Link to Pubmed [PMID] – 15701720
Blood 2005 May;105(10):3888-92
Glycoprotein VI (GPVI) is an essential platelet receptor for collagens that is exclusively expressed in the megakaryocytic lineage. Transcription of the human gene GP6 is driven largely by GATA-binding protein 1 (GATA-1), specificity protein 1 (Sp1), and Friend leukemia integration 1 (Fli-1). In this report, we show that GPVI expression during megakaryocytic differentiation is dependent on cytosine-phosphate-guanosine (CpG) demethylation that can be initiated by thrombopoietin (TPO). Sodium bisulfite genomic sequencing established that a CpG-rich island within the GP6 promoter region is fully methylated at 10 CpG sites in GPVI-nonexpressive cell lines, such as UT-7/EPO and C8161, but completely unmethylated in GPVI-expressive cell lines, including UT-7/TPO and CHRF288-11. To further confirm the relationship between CpG demethylation and expression of GPVI in primary cells, we treated human cord blood cells with TPO. The GP6 promoter is highly methylated in cord blood mononuclear cells (progenitors) but not in CD41+-enriched cells obtained after TPO differentiation.
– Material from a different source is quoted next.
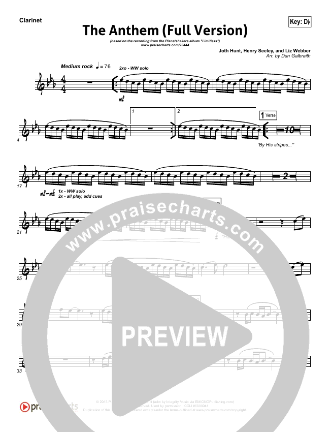 Download the Orchestration wind parts for The Anthem (Full Version) (Live) by Planetshakers, from the album Limitless. This song was arranged by Daniel Galbraith in the key of Bb, C, Db, Eb, G.

Furthermore, when UT-7/EPO-Mpl cells, which stably express human C-myeloproliferative leukemia virus ligand (c-Mpl), were treated with TPO, demethylation of the GP6 promoter was induced. In every case, demethylation of the GP6 promoter correlated with an increase in mRNA level. Thus, megakaryocyte-specific expression of the GP6 gene is regulated, in part, by CpG demethylation, which can be directly initiated by TPO.